*Your assignment*: Of the lines in the material below, print only those from the one containing "Nederlands Indië; hek, bomen, man" to the one containing "The self-propelled Redback", ends included, exactly as written and without pictures.

*The data*:
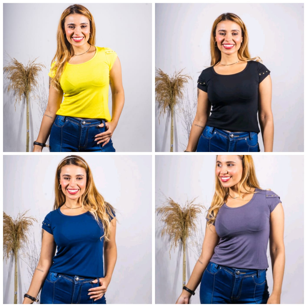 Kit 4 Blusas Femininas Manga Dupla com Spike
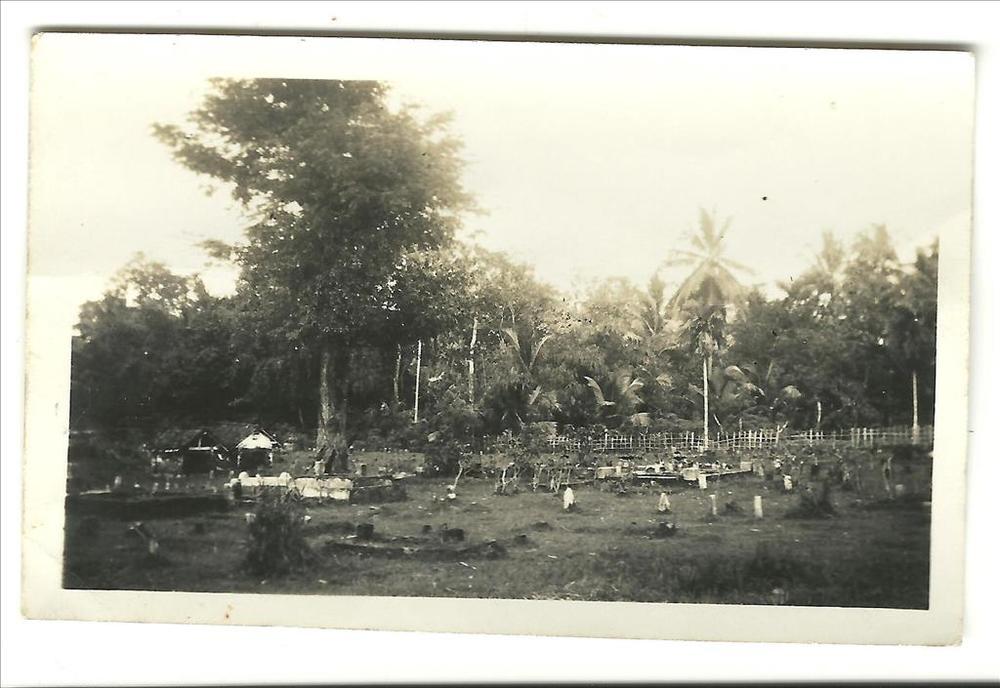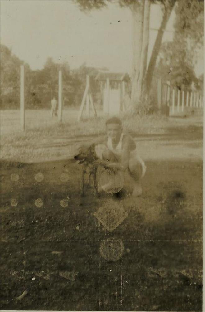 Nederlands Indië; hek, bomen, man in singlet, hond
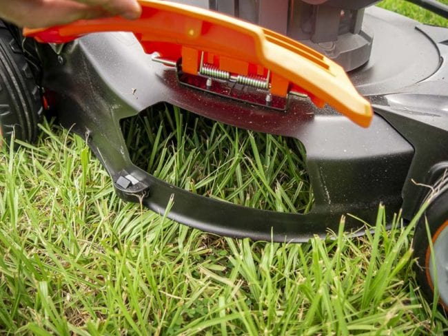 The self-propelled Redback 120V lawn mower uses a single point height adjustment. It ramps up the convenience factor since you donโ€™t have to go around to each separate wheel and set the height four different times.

--

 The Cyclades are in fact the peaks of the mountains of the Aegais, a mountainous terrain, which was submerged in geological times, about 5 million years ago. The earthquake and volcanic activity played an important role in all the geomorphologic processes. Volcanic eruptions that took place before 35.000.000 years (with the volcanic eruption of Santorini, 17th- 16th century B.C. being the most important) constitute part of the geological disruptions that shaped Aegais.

*Answer for this exercise*:
 Nederlands Indië; hek, bomen, man in singlet, hond
 The self-propelled Redback 120V lawn mower uses a single point height adjustment. It ramps up the convenience factor since you donโ€™t have to go around to each separate wheel and set the height four different times.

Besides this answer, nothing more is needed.